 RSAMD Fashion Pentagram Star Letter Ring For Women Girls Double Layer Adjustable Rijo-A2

=-=-=-=-=

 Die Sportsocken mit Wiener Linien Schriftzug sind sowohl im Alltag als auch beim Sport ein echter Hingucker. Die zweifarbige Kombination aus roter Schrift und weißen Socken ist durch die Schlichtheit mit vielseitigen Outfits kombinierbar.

=-=-=-=-=

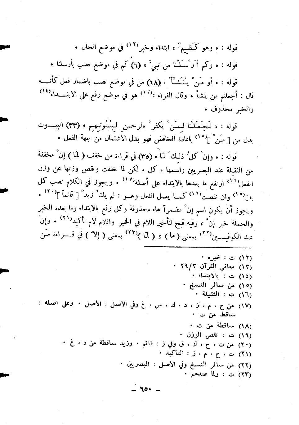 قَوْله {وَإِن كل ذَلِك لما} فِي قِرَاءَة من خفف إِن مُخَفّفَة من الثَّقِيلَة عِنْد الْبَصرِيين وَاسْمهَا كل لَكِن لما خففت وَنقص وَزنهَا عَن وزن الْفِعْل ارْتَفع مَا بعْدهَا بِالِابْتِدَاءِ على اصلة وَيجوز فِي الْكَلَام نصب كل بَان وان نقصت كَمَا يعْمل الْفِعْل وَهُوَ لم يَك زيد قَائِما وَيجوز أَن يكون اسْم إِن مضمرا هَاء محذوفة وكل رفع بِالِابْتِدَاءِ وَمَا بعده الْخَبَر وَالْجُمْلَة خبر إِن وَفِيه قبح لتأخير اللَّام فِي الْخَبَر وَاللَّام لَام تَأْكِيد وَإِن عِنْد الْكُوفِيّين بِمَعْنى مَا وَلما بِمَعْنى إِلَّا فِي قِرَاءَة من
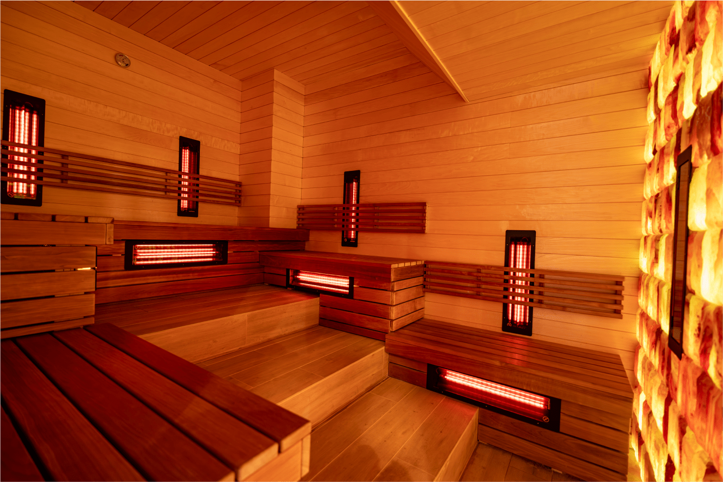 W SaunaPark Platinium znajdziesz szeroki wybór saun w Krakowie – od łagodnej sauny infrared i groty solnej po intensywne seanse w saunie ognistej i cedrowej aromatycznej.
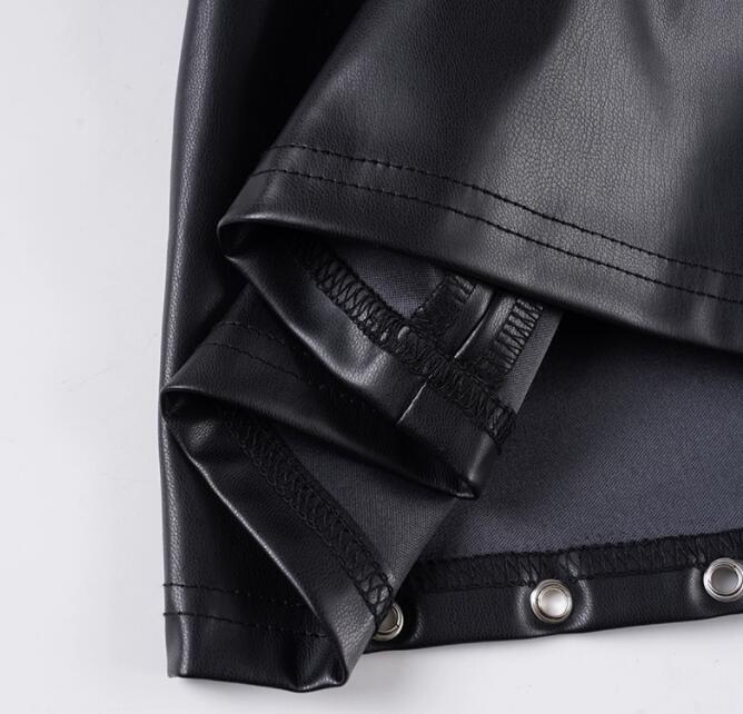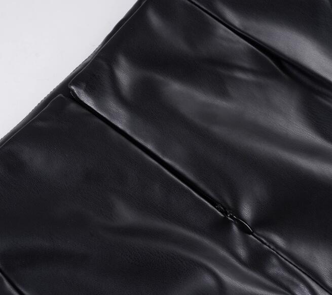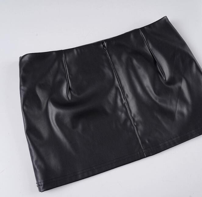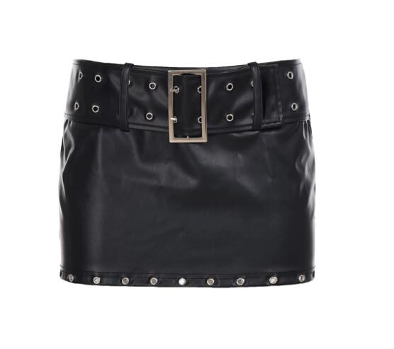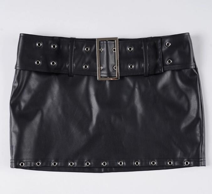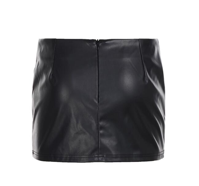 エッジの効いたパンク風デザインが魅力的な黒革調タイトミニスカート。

=-=-=-=-=

| Work to be completed |
Pictures are to be left out. Write out only the lines above starting at the one with "W SaunaPark Platinium" and ending at the one with "エッジの効いたパンク風デザインが魅力的な黒革調タイトミニスカート。", both lines included, exactly.

| Written reply |
 W SaunaPark Platinium znajdziesz szeroki wybór saun w Krakowie – od łagodnej sauny infrared i groty solnej po intensywne seanse w saunie ognistej i cedrowej aromatycznej.
 エッジの効いたパンク風デザインが魅力的な黒革調タイトミニスカート。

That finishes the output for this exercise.